During the Covid-19 pandemic, spaces for intimacy dwindled even more. In the thick of things, everyone was asked to limit themselves to their houses and not venture into public spaces. Even when these restrictions on movement loosened, public spaces remained heavily monitored and people were expected to maintain physical distancing regulations and wear a mask at all times. Whilst I understand why such restrictions were needed, I cannot help but wonder what happened to those couples who once depended on those hidden corners of public spaces to express their basic right to love and be loved.
What was interesting to see was how the pandemic in its early stages almost acted as an equaliser across classes in regards to access to sex. Suddenly no one was allowed into each other’s houses, and concepts of personal space and boundaries got ever more codified into our social fabric, especially for the privileged. With access to private spaces taken away on account of the pandemic, suddenly couples from liberal and affluent backgrounds found themselves in the same position as couples from less privileged backgrounds – desperately looking for pockets of privacy. In my so-called ‘liberal’ college, which otherwise allowed for cross access between girls’ and boys’ hostels, it was fascinating to observe how the sports area and the under-construction library building became sexual hotspots for students during the pandemic in response to the tightening of hostel access regulations.
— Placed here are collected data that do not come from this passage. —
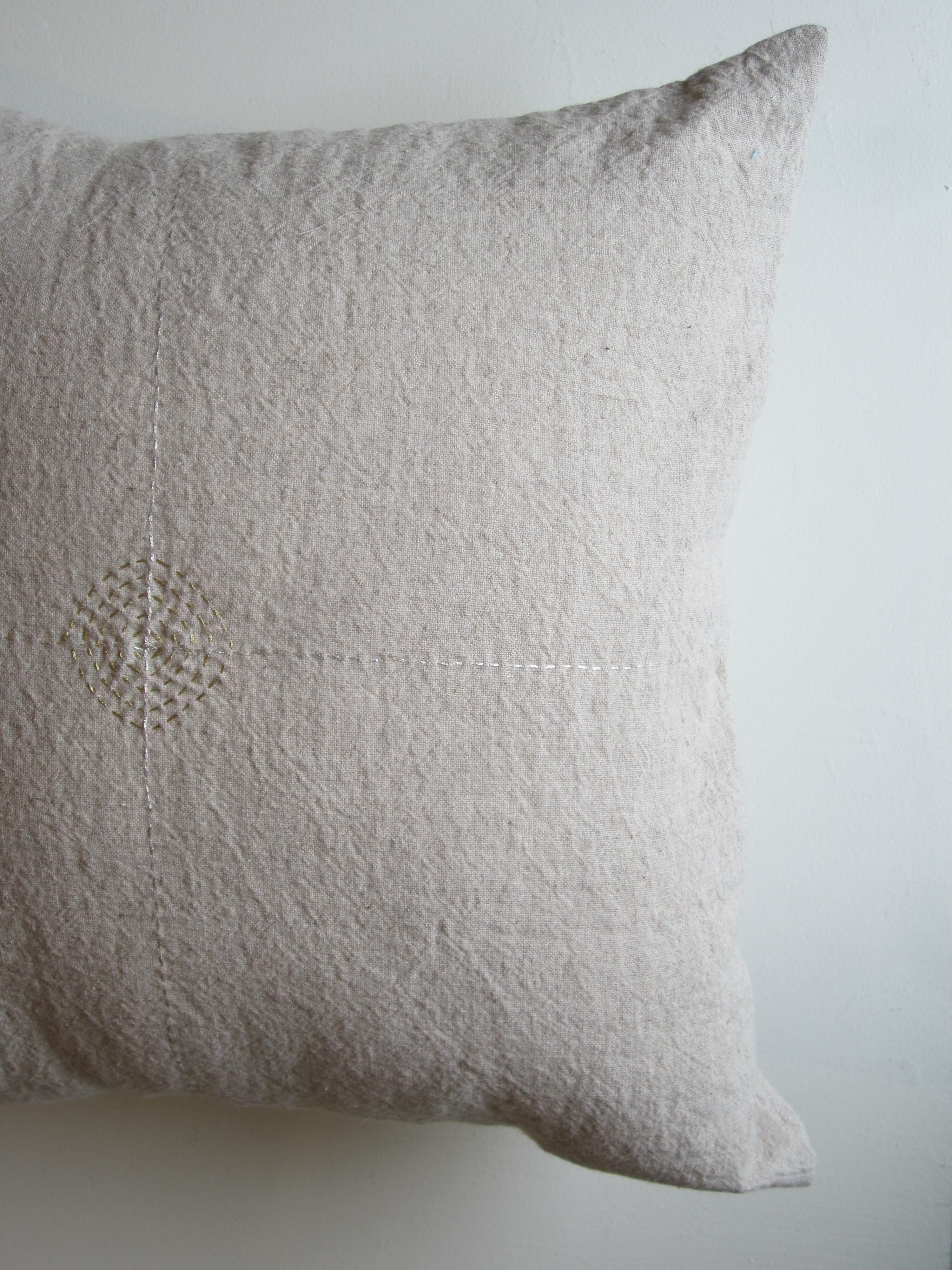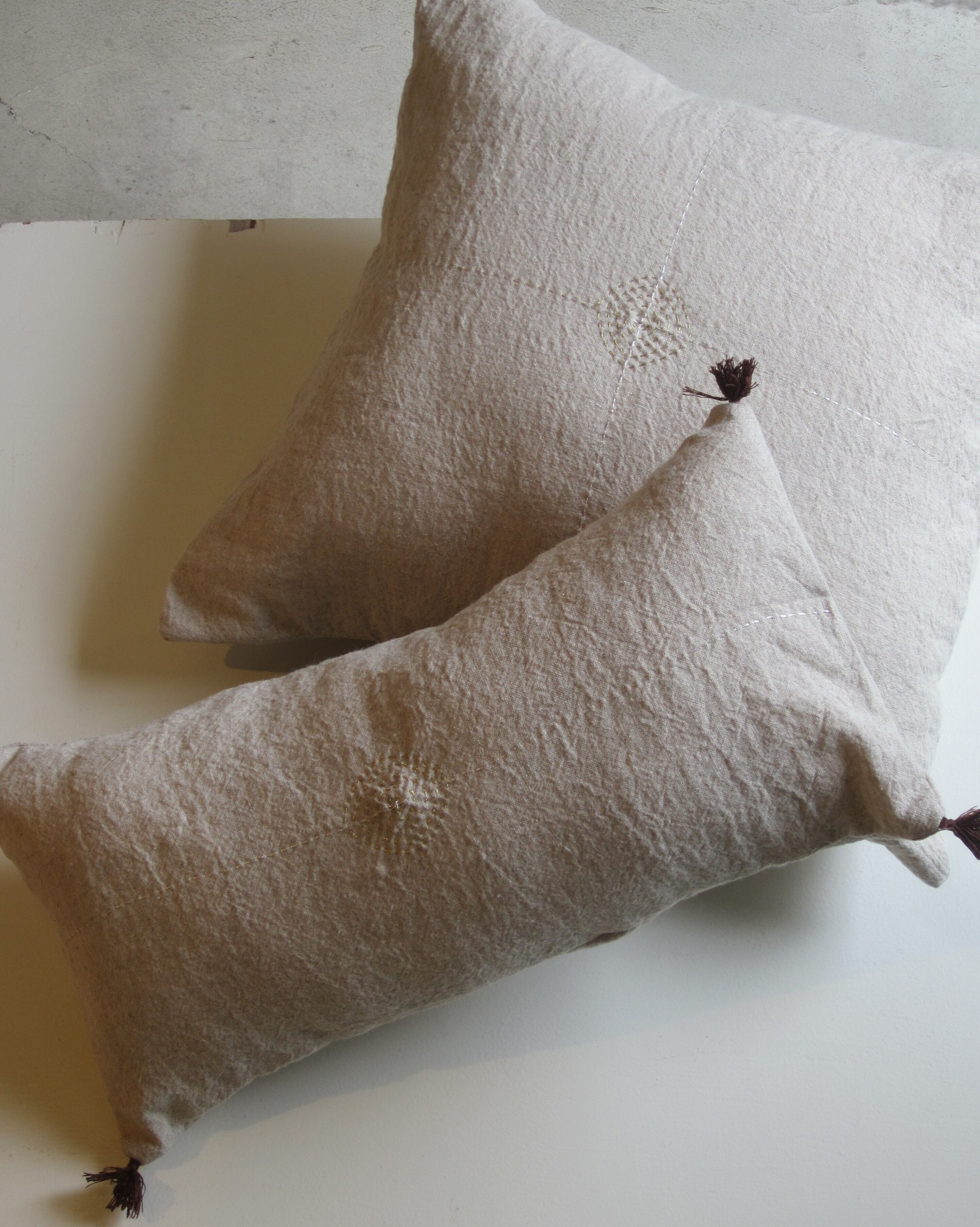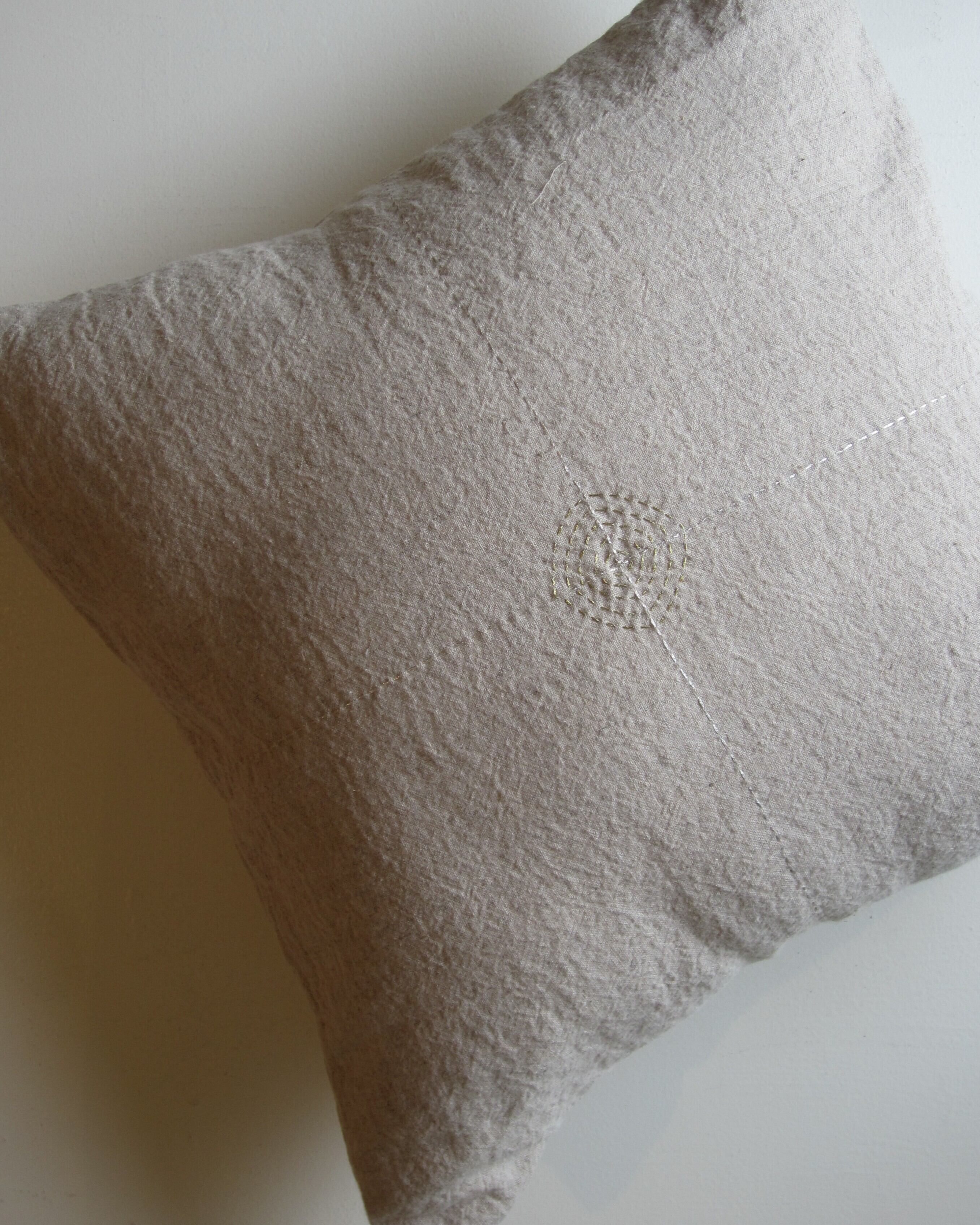 リネンにシルバーとゴールドで刺繍が施されたクッションカバー
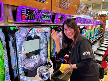 職場環境 【従業員構成】 ☆実際に働いてる方にインタビュー☆ ●Oさん(主婦/20代/女性) 元々パチスロが好きでこの仕事を探していました。 その中でネイル・髪色が自由で近かった 朝霞UNOに応募しました! 働き始めてまだ1ヶ月ですが、 みんな優しくて素敵な雰囲気です! 早番で好きな時間に働けるのも魅力的! 幅広い年齢層なのでいろんな人と関われるのも 良いポイントです! ●Kさん(フリーター/20代/女性) パチンコ・スロットは何一つ分からないですが 通うのに近く、時給が高かったので応募しました! 未経験で不安もたくさんでしたが、 未知の世界に足を踏み込んでみて、 意外と面白いんだなぁと感じています。 朝霞UNOの特に良いところは、 インカムで話したときに明るく返事してくれるところです! 初めての方は、未経験で不安かもしれませんが、 ひとまず挨拶ができればOK! 家が近いから、ネイルが出来るから、 など応募動機は何でもOK! まずは応募してみてください♪ 【職場の雰囲気】 にぎやかな職場 協調性がある 立ち仕事 アットホーム お客様との対話は多い 初心者活躍中 力仕事が少ない 自分の都合に合わせやすい 知識、経験不要
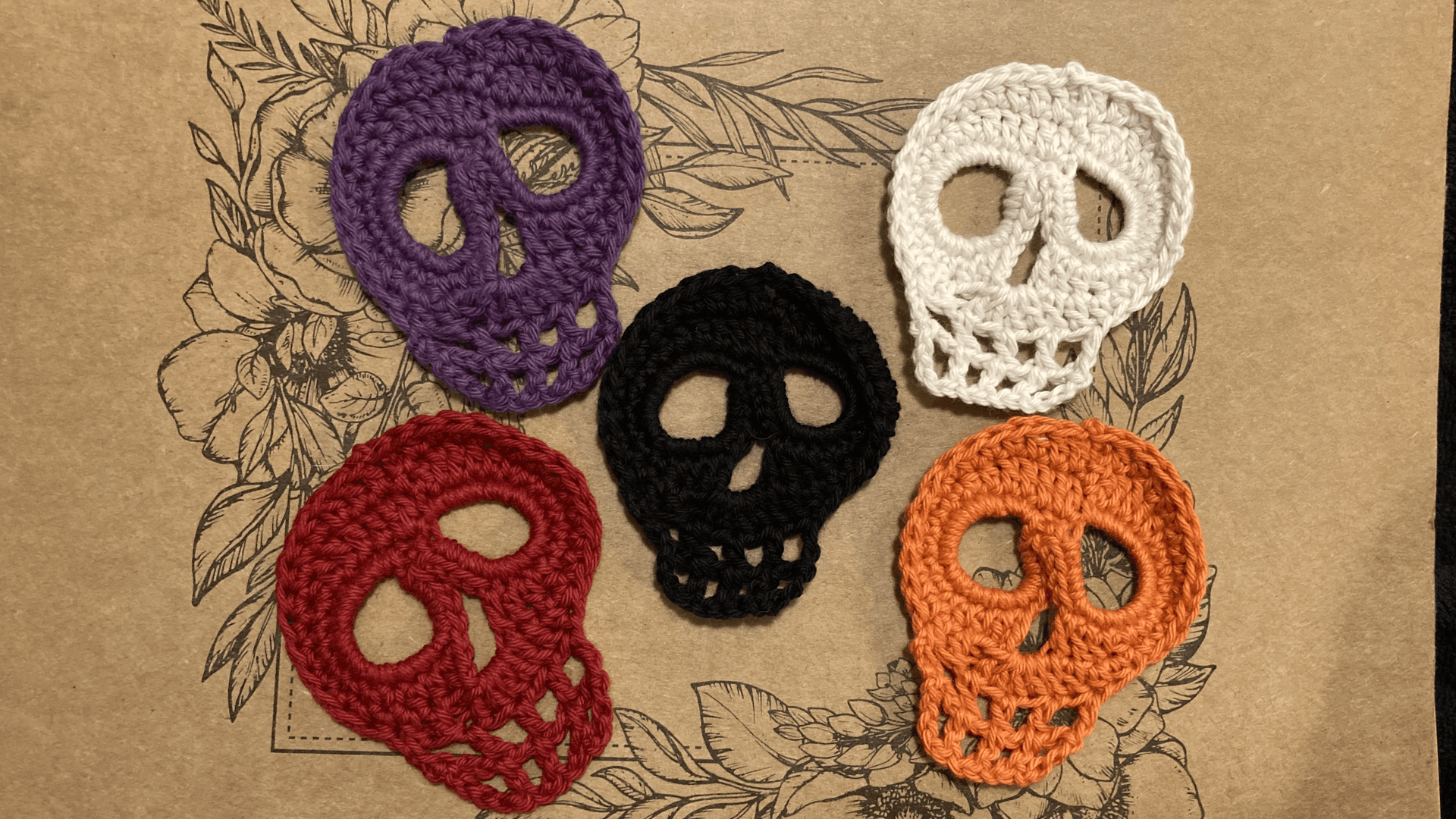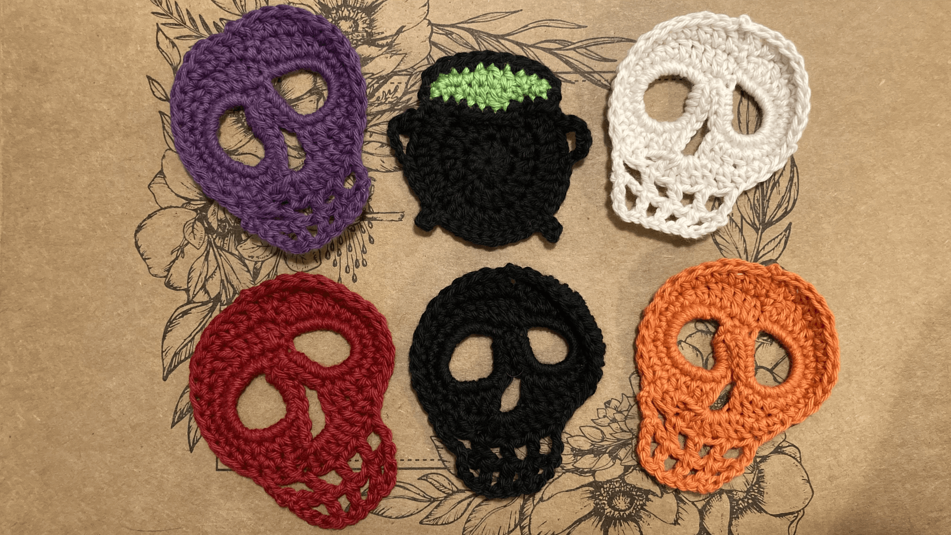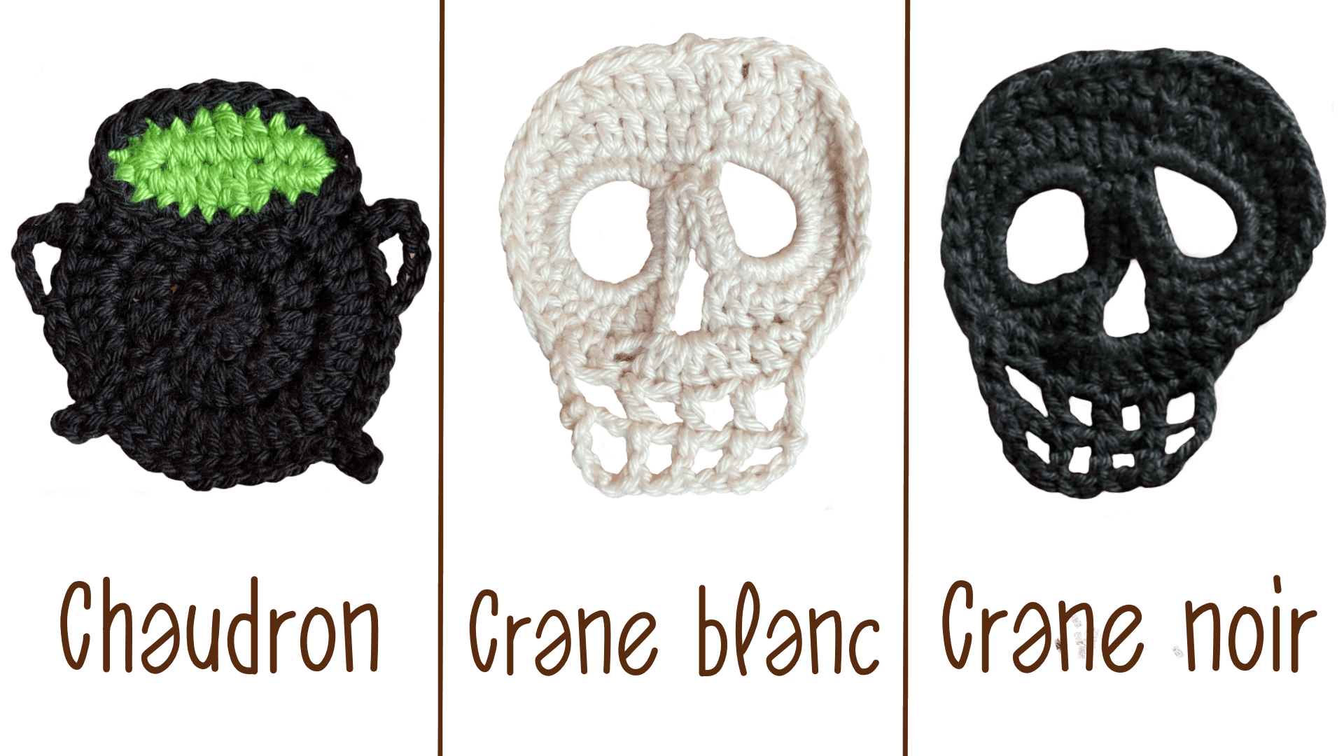 Décorations d'Halloween faites main au crochet. Pour les moyennes nous vous proposons Les crânes et Les chaudrons de sorcière. Elles seront parfaites pour apporter une touche de couleur et un coté "Halloween" à votre intérieur, simplement accrochées au mur ou agencées en guirlande, ou encore cousues en décoration sur votre sac/veste ... ou votre costume !
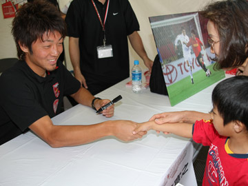 その後、レッズのブースに移動、サイン会を行ないました。およそ100人ほどのファンの方に色紙やポストカードにサインをしたり、写真撮影をしてイベントは終了しました。

Having spent the first 10 years of my life in a two-bedroom house with seven members, which soon increased to eight with the birth of my sister, I can’t help but wonder, much like Banerjee, how married couples in crowded homes find moments and spaces of privacy. I imagine how the few odd instances of finding themselves alone in the house – maybe the grandparents have taken the children to the park; maybe a cousin is in town so the children decide it would be fun to sleep together in the living area instead of with their parents – would be delicious windows of opportunity to get close to one another. The pandemic would have limited these moments, reintroducing class as a factor in access to sex even for couples who had social sanction to be intimate with each other and live together.
As soon as the lockdowns lifted, married and unmarried couples, who have the previously mentioned social capital to either have an allocated bedroom within their family house, or be able to afford renting their own apartments or booking overnight stays within the city, found themselves in a familiar position of advantage, highlighting the plight and longing of millions of Indians who do not have the privilege of being able to shut the bedroom door behind them at night – pandemic or not.